▶ **ASSIGNED TASK**: In the listing below, find the line containing "Longia in cotone imbottito" and the line containing "- bijzonder ruime". Repeat exactly those two lines and every line between them.
··· INFORMATION PROVIDED
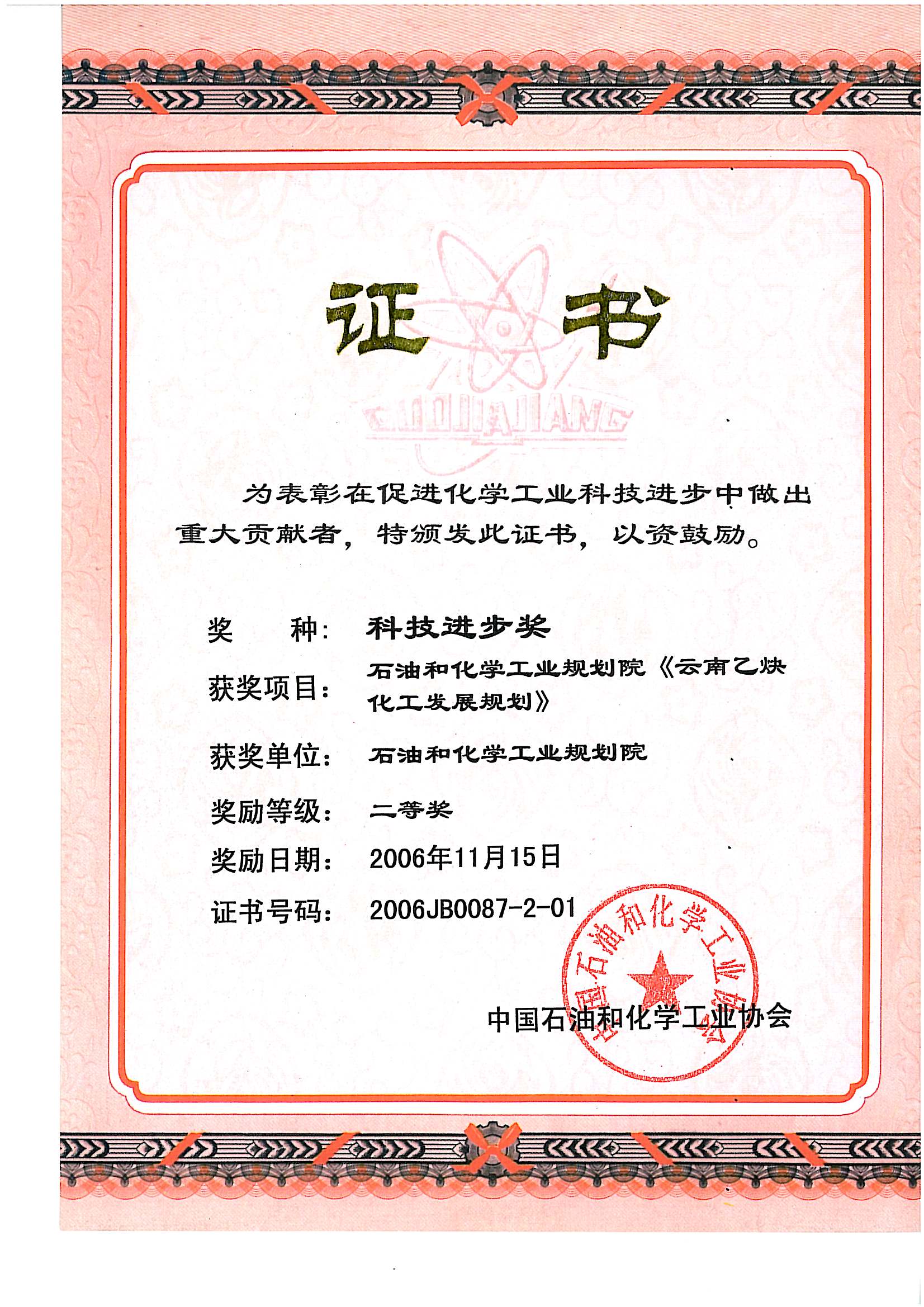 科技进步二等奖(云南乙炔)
······
··· INFORMATION PROVIDED
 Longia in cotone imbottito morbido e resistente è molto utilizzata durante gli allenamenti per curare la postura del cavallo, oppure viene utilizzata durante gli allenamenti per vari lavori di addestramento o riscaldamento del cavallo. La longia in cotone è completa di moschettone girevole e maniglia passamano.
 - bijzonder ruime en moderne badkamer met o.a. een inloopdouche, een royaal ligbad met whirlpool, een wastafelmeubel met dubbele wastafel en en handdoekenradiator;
······
▶ **REPLY TO THE TASK**:
 Longia in cotone imbottito morbido e resistente è molto utilizzata durante gli allenamenti per curare la postura del cavallo, oppure viene utilizzata durante gli allenamenti per vari lavori di addestramento o riscaldamento del cavallo. La longia in cotone è completa di moschettone girevole e maniglia passamano.
 - bijzonder ruime en moderne badkamer met o.a. een inloopdouche, een royaal ligbad met whirlpool, een wastafelmeubel met dubbele wastafel en en handdoekenradiator;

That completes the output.